This is an automated archive made by the Lemmit Bot.
The original was posted on /r/antiwork by /u/Climberquarterly on 2025-12-12 17:18:32+00:00.
What’s been wearing me down lately isn’t workload or long hours, it’s how everything at my job is treated like an emergency. Emails marked urgent that aren’t. Meetings called last minute that could’ve been a message. Deadlines that suddenly can’t move even though they magically do a week later.
It creates this background anxiety where you’re always bracing for something, even on normal days. You can’t fully relax because you’re waiting for the next ping that’s going to demand immediate attention for no real reason. I’ve noticed it follows me home too I’ll be off the clock but still feel tense, like I forgot something important.

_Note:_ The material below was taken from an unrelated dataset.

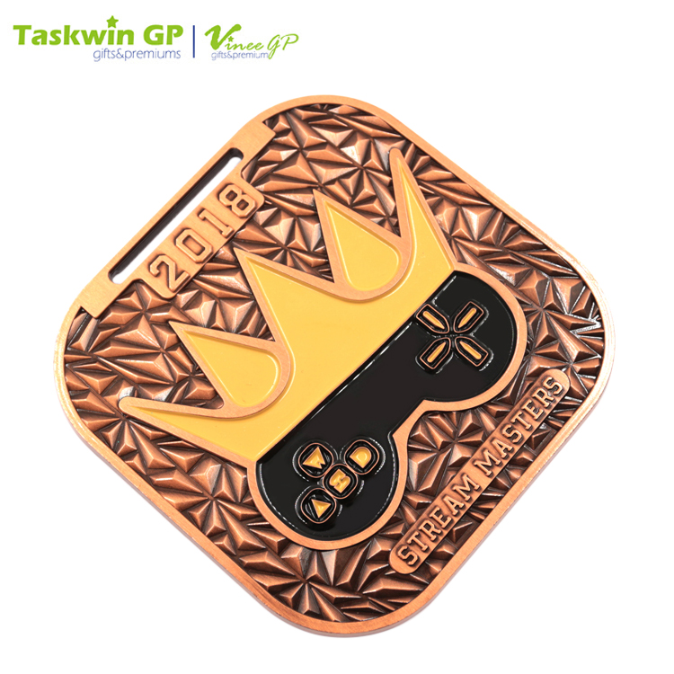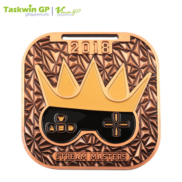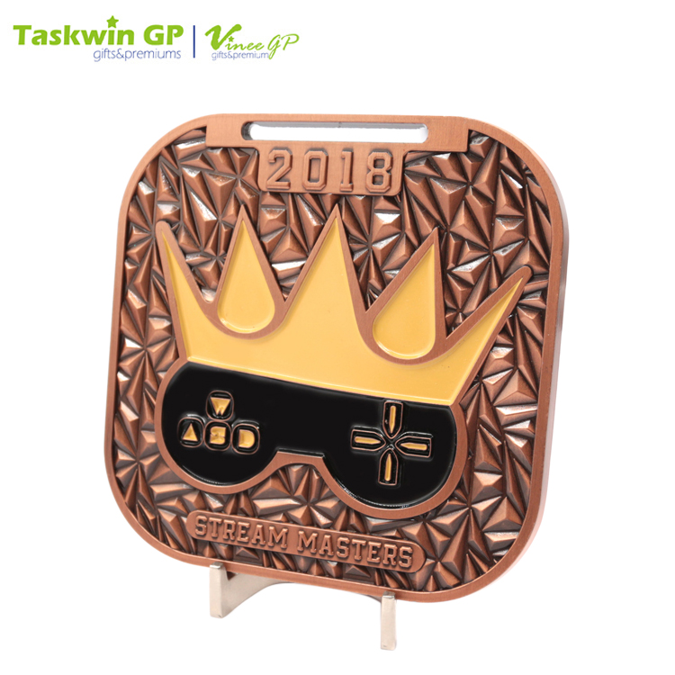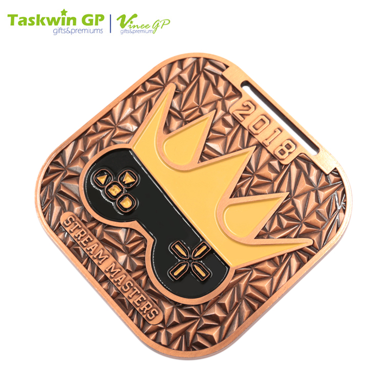 This medallion is made of die-cast zinc alloy and has antique copper plating. It comes in a square shape and is available in your own designs. The medallion has a loop on top for attaching to ribbons and is excellent as a promotional gift or an award for events.
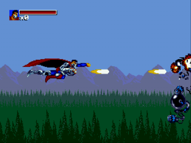 The designers at Blizzard did add a few touches to their stage designs which mixed things up. Superman will occasionally be forced to fly to scale buildings or fight airborne foes, and there are some side-scrolling shooter stages, too, though your character’s large sprite size can make it difficult to maneuver adequately, which is particularly noticeable in Steel’s flying stage.

The strange thing is, I recently realized I have some money saved up enough that I’m not in immediate danger if things go sideways and instead of feeling relieved it made me more aware of how unnecessary the stress culture is. The job isn’t saving lives. The urgency is mostly manufactured and yet it takes up so much mental space. I don’t hate working. I just hate working in an environment where panic is treated like productivity. I wish more workplaces understood that constant pressure doesn’t make people perform better it just makes them exhausted.
Does anyone else feel like the fake urgency is more draining than the actual work itself?